Subject: Re: is __NetBSD_Version__ being misused (again) ?
To: Trevor Talbot <quension@gmail.com>
From: Robert Elz <kre@munnari.OZ.AU>
List: tech-kern
Date: 11/18/2007 18:16:39
    Date:        Sun, 18 Nov 2007 00:43:29 -0800
    From:        "Trevor Talbot" <quension@gmail.com>
    Message-ID:  <90bce5730711180043y185c6206qabc95174c1c7c43f@mail.gmail.com>

  | If you know you want to run specifically on the released version of
  | 4.0.0, why would you not use whatever value it actually has on 4.0.0,
  | regardless of what that value may be?  That's what I meant about
  | locking to a specific version.  You can't test compatibility by
  | guessing at an interface you don't have access to...

The point is that you sometimes know that function X existed, and had
3 parameters from NetBSD 2.0 until NetBSD 3.1, and you want to write
code that compiles for all of those versions (most likely including
unreleased minor versions of NetBSD 2 as the interface isn't likely
to change in that now) - but not for newer NetBSD 3's or for 4 (etc)
(and not before NetBSD 2).

And while testing for specific versions is possible, as we know what
value __NetBSD_Version__ had in each of those, if we want to do more
general tests, some macro (be it __NetBSD_Prereq_() or something else)
is better, as it allows the macro to deal with the internal structure
(such as it is) of __NetBSD_Version__ - allowing that to be altered
if necessary (as in the switch from 2.0I to 2.99.8 or whatever it was).

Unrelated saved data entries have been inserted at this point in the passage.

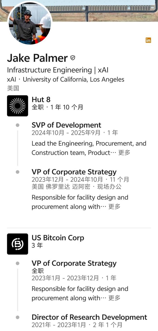物理基础设施部门由Jake Palmer领导,他在今年9月加入xAI之前曾在北美最大的比特币矿企Hut 8担任高级开发副总裁。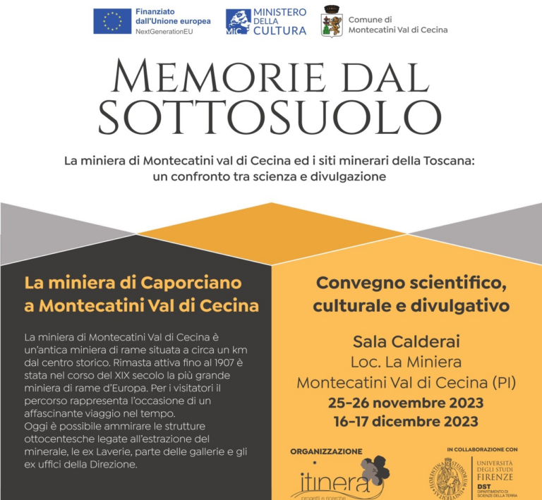 Convegno dedicato alla Miniera di Montecatini Val di Cecina organizzato da Coop. Itinera – Comune di Montecatini Val di Cecina in collaborazione con Università degli Studi di Firenze Dip. Scienze della Terra. Il convegno è in programma il 16 dicembre con orario 10 – 17 nella Sala Calderai – Loc. Montecatini Val di Cecina (PI). Per informazioni: c/o Itinera 0586 894563.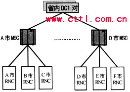利用現有長途交換網的DC1兼做省內3G網絡的匯接局。省內3G交換網采用2層網絡結構,MSC以負荷分擔的方式直接連接到本省的一對DC1;同時升級省內的一對DC1,使其滿足兼做3G網絡匯接局的功能要求;初期MSC之間不開設直達電路,由DC1進行轉接;視業務量的增長情況再考慮開設直達電路。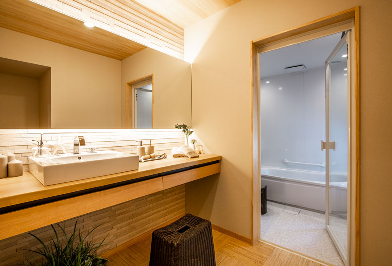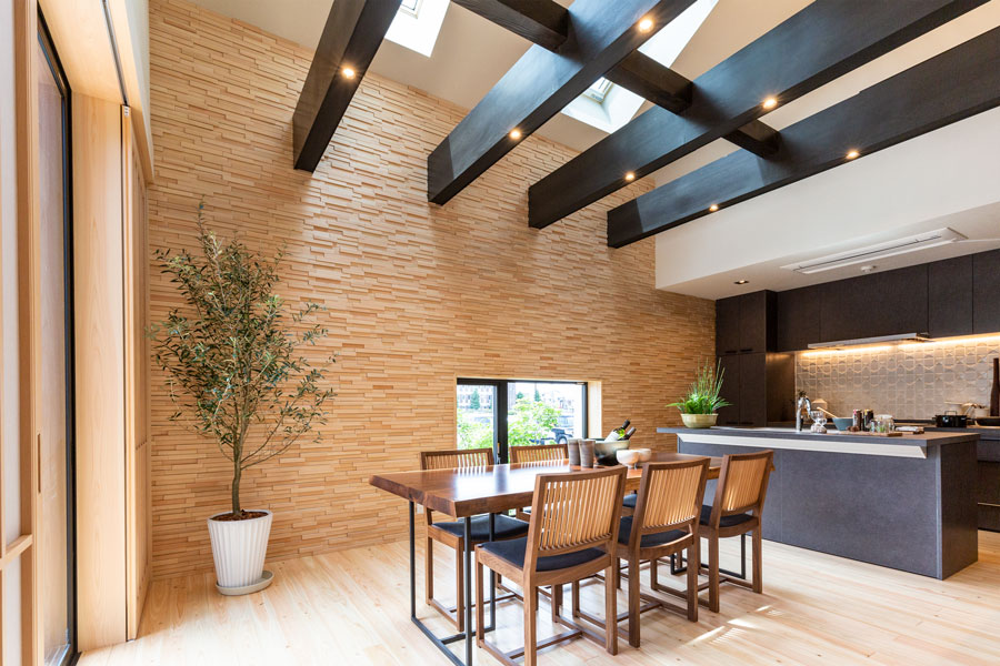 国産檜材を内装材に豊富に使用し、品質も優れた高耐震・高断熱の和モダン住宅です。
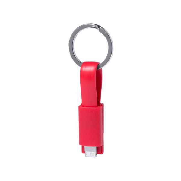 USB keychain charger in a wide range of bright tones. With dual micro USB/lightning connection. Presented in an individual bag.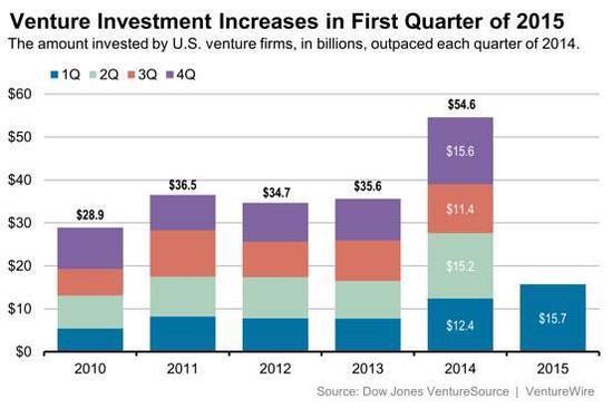 道瓊斯風險資源的數據顯示,2015年第一季度,美國風險投資總額達到157.2億美元,略高於去年第四季度,但較2014年第一季度大幅增長27%。之前的最高記錄生於2000年第四季度,總額達到197億美元。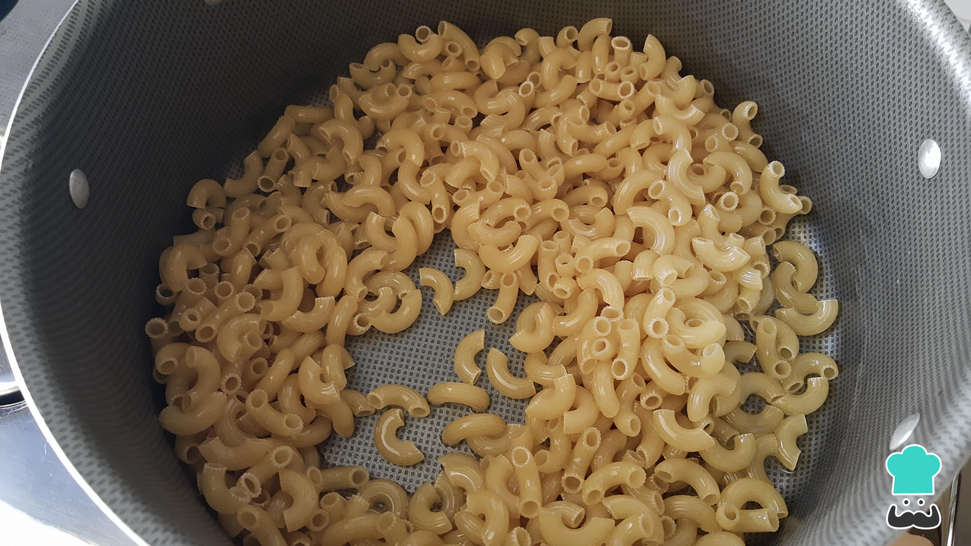 En una olla calienta 3 cucharadas de aceite y vacía la pasta de codito. A continuación, cocina hasta dorar moviendo continuamente para que no se queme, estará lista cuando haya cambiado su color a un tono ámbar dorado.

In any case, whatever is appropriate - changing __NetBSD_Version__ before
4.? is released, or deleting the macro, or altering its usage to include
another parameter, or altering the specification of how __NetBSD_Version__
should be used, something should be done before 4.0_RCx gets the RCx
removed from its name (at the very least to allow LKM builders, and others
to have LKM's built properly for the released version).

This coming release is the first one where __NetBSD_Version__ isn't
(currently) set according to its specification - the "(again)" in the
Subject relates to the state of it in the 2.0I versions after it was
determined that 2.1 would be what would have been 2.0.1 in the previous
naming scheme, and 3.0 would be the next major release (ie: that time it
only affected -current which is much less serious than a real release).